Continuous model fails to capture the details of re-entry. Re-entry was induced in discrete models and their equivalent continuous representations by cross-field stimulation. (a) The discrete model exhibits a substantial increase in the cycle length of re-entry (solid), up to 18.4% in 30% fibrosis that is not captured by the equivalent continuous models (dashed). Cycle lengths are shown as mean ± standard error. (b) Transmembrane potential traces show a clear difference in cycle length between the discrete model (solid) and the homogenous continuous model (dashed) at high degrees of fibrosis (lower panel) that is not seen in the absence of fibrosis (upper panel). Scale bar represents 50 ms. Note that traces were time-shifted to align the first action potential. (c) Electrograms in discrete model simulations exhibit complexity and fractionation in the presence of fibrosis, which is incompletely captured in the equivalent continuous models.

An equivalent continuous model was created for each discrete microstructural model by matching the microstructural model's transverse and longitudinal conduction velocities following 2 Hz pacing, and spiral waves were induced in each continuous model. The non-fibrotic continuous model exhibited cycle lengths similar to those of the discrete non-fibrotic tissue (CL = 74.73 ms vs 76.27 ms). However, at higher degrees of fibrosis, the continuous tissues showed only a modest increase in cycle length, with a maximal increase to 82.24 ± 2.63 ms (10% increase) in 30%-fibrosis-equivalent tissue. As a result, the equivalent continuous model has an 8.9% error in the projected cycle length at 30% fibrosis, which is apparent from transmembrane potential traces from discrete and equivalent continuous simulations [Fig. 2(b)]. In addition, while unipolar electrograms from the equivalent continuous model are qualitatively similar to those of the discrete model in the absence of fibrosis, they fail to exhibit the fractionation seen in electrograms of fibrotic microstructural models [Fig. 2(c)].

Factors affecting the cycle length

To understand what factors lead to the longer cycle length in the discrete model that are not fully captured in the continuous models, the impact of tip trajectory and restitution behaviour was explored. Analysis of tip trajectory in the control (non-fibrotic) case showed that non-fibrotic discrete and continuous models exhibited similar tip trajectories that were hypotrochoid-like in shape, with a mean span of 3.4 mm in length and 0.96 mm in width [Fig. 3(a), left]. In the presence of 30% fibrosis, the tip trajectory in the continuous model remained unchanged in shape, but was significantly flattened, with a mean span of only 0.36 mm in width [Fig. 3(a), right]. However, in the discrete model, the tip trajectory was much longer and thinner (with a mean span of 8.2 mm in length and 0.42 mm in width) [Fig. 3(a), center], suggesting an anatomical rather than functional form of re-entry.

FIG. 3.

FIG. 3.

Factors contributing to continuous model cycle length error. (a) In the absence of fibrosis, both the discrete (left panel) and continuous (not shown) models exhibit a hypotrochoid-like spiral wave tip trajectory. In the presence of fibrosis, the discrete mode (center panel) transits from functional to anatomical re-entry with a long, linear tip trajectory, while the equivalent continuous model (right panel) continues to exhibit hypotrochoid-like tip trajectory, albeit significantly flattened due to slowed transverse conduction. Note that all figures show only a part of the domain. Scale bar = 2.5 mm. (b) Restitution behavior during longitudinal pacing is nearly equivalent in the discrete (solid) and homogenous continuous (dashed) models, both in the presence and absence of fibrosis. In the transverse direction, the continuous model restitution curve closely matches the discrete model in non-fibrotic tissues, with slight deviation (up to 14.0%) at intervals below 100 ms. In contrast, in fibrotic tissues, the continuous model exhibits significantly faster conduction (up to 43.4% faster) at intervals below 180 ms.

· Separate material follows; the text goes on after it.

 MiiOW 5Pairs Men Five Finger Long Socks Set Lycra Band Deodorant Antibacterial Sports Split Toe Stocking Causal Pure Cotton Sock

Restitution behavior in the discrete and continuous models with 0% and 20% fibrosis was examined using a standard S1-S2 pacing protocol, in both the longitudinal and transverse directions. In all cases, because the homogenous continuous models were constructed to replicate discrete model CVs at 2 Hz pacing, the CVs are equivalent at longer diastolic intervals (of 500 ms or greater). As the diastolic interval is decreased during longitudinal pacing, the continuous model behavior closely matches that of the discrete model [Fig. 3(b), top row]. Restitution in the continuous model deviates significantly from the discrete model only at intervals under 100 ms (p < 0.05). During transverse pacing of the non-fibrotic tissue, the restitution of the continuous model deviates from the discrete model at intervals below 140 ms, with a maximum error of 14.0% at an S1-S2 interval of 90 ms [Fig. 3(b), bottom left]. A larger deviation is noted in the case of fibrotic tissue [Fig. 3(b), bottom right], where the continuous model significantly underestimates CV slowing at S1-S2 intervals of 180 ms or below, with an error of 43.4% at an interval of 90 ms. As a result, the discrete model CV restitution curve has a maximum slope that is 1.58 times greater than that of the continuous model.

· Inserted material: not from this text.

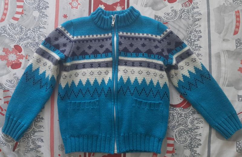 Продам теплу дитячу кофту 104р. Вона була зроблена в ательє під замовлення, машинне в'язання. Склал акрил/вовна, зовсім не колеться. Можна піддягати під зимоаий одяг

In order to understand how the character of fibrosis affects continuous model estimations of cycle length, the mean length of collagenous septa in the discrete model was adjusted between 0 and 800 μm, and the cycle length was examined in discrete and equivalent continuous models. Because the total amount of fibrosis was maintained at 30% of transverse node-to-node junctions, tissues with shorter fibrosis lengths contained more individual septa. In the absence of fibrosis, the continuous model underestimates the cycle length by 2.1% (1.53 ms). At a mean fibrosis length of 200 μm, there is minimal error between the discrete and equivalent continuous models (0.14% error); however, as fibrosis length is increased further, the continuous model predicts cycle lengths that are significantly shorter than that observed in the discrete model. (Fig. 4).

FIG. 4.

FIG. 4.

Effect of collagen septa size. Error between the discrete model (solid) and the equivalent continuous models (dashed) is dependent on the size of collagenous septa. Small collagenous septa result in a minimal difference between the discrete and continuous models. In all cases, total septa density was fixed at 30%.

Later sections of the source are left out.